:: Task goal ::
Copy out exactly the stretch of the listing below that begins at the line containing "A Secretaria de" and ends at the line containing "人本加绒大码高帮女鞋40 41 42冬季保暖帆布休闲厚底百搭二棉鞋43", and copy nothing outside it.

:: Data section ::
::::

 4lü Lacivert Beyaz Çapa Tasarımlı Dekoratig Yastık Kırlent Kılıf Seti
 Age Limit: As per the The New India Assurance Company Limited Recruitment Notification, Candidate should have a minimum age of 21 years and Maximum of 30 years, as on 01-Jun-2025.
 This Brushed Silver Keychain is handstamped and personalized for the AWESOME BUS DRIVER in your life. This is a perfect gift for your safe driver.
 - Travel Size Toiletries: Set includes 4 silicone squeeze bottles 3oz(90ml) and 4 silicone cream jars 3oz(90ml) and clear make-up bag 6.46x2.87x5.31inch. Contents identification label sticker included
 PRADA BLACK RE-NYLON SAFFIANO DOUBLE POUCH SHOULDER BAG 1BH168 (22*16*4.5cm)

::::

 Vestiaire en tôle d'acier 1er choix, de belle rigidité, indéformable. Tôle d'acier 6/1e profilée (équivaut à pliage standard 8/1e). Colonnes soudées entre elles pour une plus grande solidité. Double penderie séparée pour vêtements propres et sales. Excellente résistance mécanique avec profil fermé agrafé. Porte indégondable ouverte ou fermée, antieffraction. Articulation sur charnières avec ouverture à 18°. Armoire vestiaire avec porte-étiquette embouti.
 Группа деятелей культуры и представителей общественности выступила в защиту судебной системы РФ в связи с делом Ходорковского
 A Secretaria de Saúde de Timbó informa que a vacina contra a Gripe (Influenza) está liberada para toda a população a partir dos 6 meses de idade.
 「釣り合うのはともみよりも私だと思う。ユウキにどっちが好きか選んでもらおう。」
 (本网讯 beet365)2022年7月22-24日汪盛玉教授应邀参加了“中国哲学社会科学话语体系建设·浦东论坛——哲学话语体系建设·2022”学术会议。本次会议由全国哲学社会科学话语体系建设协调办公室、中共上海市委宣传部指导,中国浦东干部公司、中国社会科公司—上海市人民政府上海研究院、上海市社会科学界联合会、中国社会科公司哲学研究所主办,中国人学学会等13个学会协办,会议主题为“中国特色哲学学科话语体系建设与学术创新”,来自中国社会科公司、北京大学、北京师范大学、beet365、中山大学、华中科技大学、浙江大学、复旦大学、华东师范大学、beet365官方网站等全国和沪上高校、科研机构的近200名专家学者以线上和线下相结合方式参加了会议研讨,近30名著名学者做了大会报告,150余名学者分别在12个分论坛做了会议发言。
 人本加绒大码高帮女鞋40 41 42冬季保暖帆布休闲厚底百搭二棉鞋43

::::

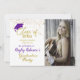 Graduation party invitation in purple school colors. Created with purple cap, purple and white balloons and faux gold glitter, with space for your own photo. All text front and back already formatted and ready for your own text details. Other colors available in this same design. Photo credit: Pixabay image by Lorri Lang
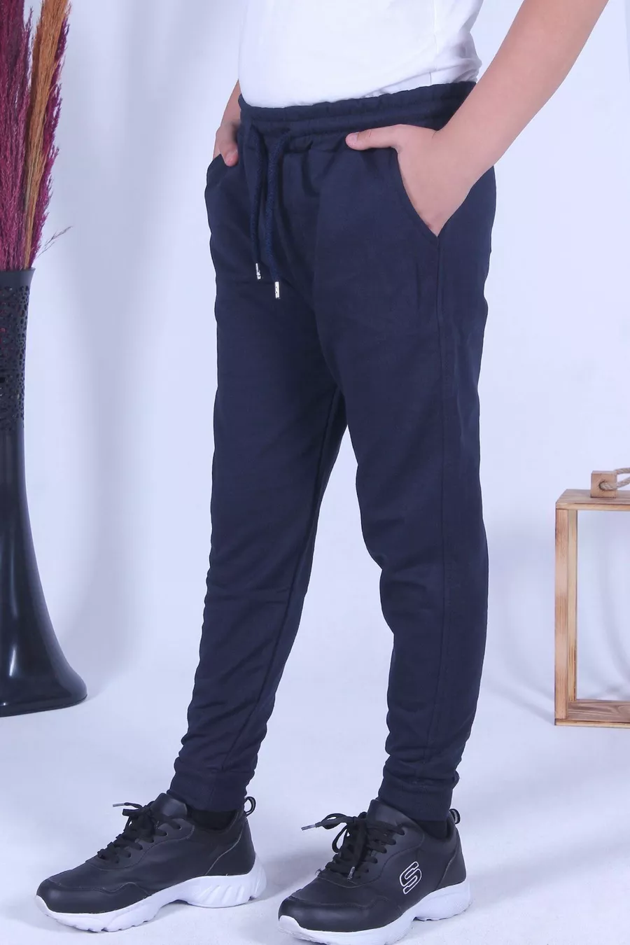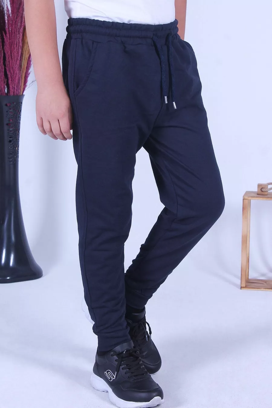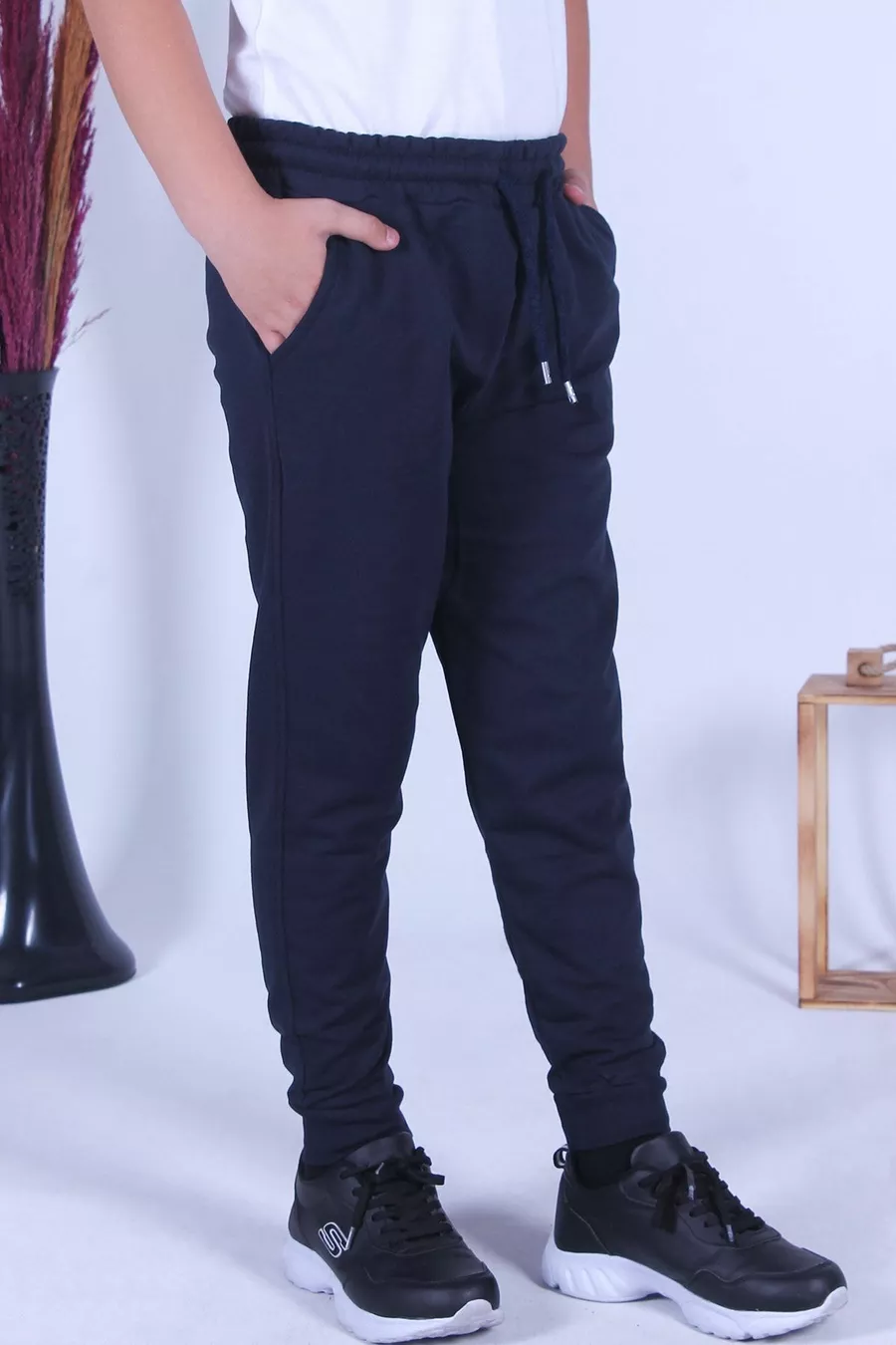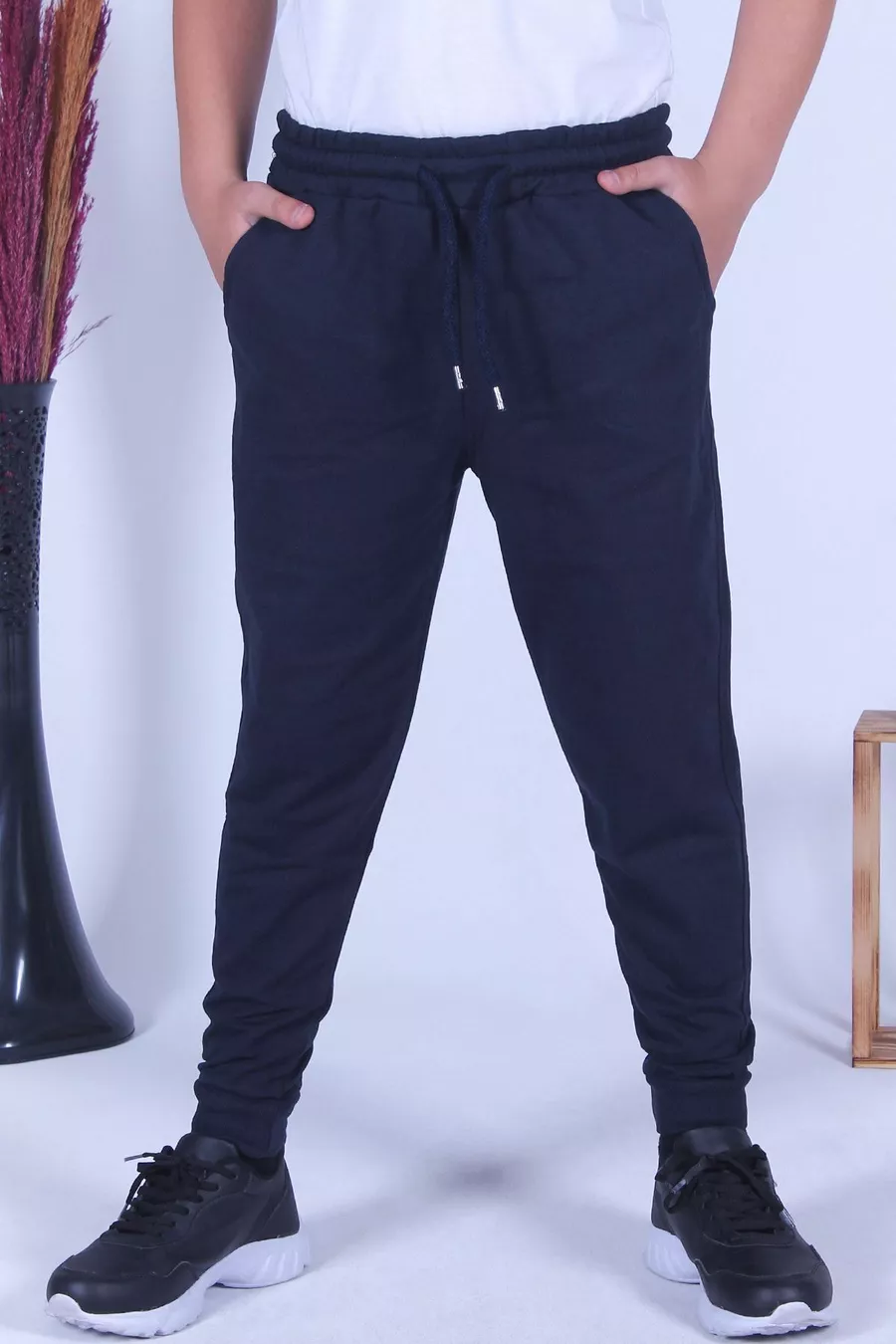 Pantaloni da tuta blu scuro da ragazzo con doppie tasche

::::

:: Final answer ::
 A Secretaria de Saúde de Timbó informa que a vacina contra a Gripe (Influenza) está liberada para toda a população a partir dos 6 meses de idade.
 「釣り合うのはともみよりも私だと思う。ユウキにどっちが好きか選んでもらおう。」
 (本网讯 beet365)2022年7月22-24日汪盛玉教授应邀参加了“中国哲学社会科学话语体系建设·浦东论坛——哲学话语体系建设·2022”学术会议。本次会议由全国哲学社会科学话语体系建设协调办公室、中共上海市委宣传部指导,中国浦东干部公司、中国社会科公司—上海市人民政府上海研究院、上海市社会科学界联合会、中国社会科公司哲学研究所主办,中国人学学会等13个学会协办,会议主题为“中国特色哲学学科话语体系建设与学术创新”,来自中国社会科公司、北京大学、北京师范大学、beet365、中山大学、华中科技大学、浙江大学、复旦大学、华东师范大学、beet365官方网站等全国和沪上高校、科研机构的近200名专家学者以线上和线下相结合方式参加了会议研讨,近30名著名学者做了大会报告,150余名学者分别在12个分论坛做了会议发言。
 人本加绒大码高帮女鞋40 41 42冬季保暖帆布休闲厚底百搭二棉鞋43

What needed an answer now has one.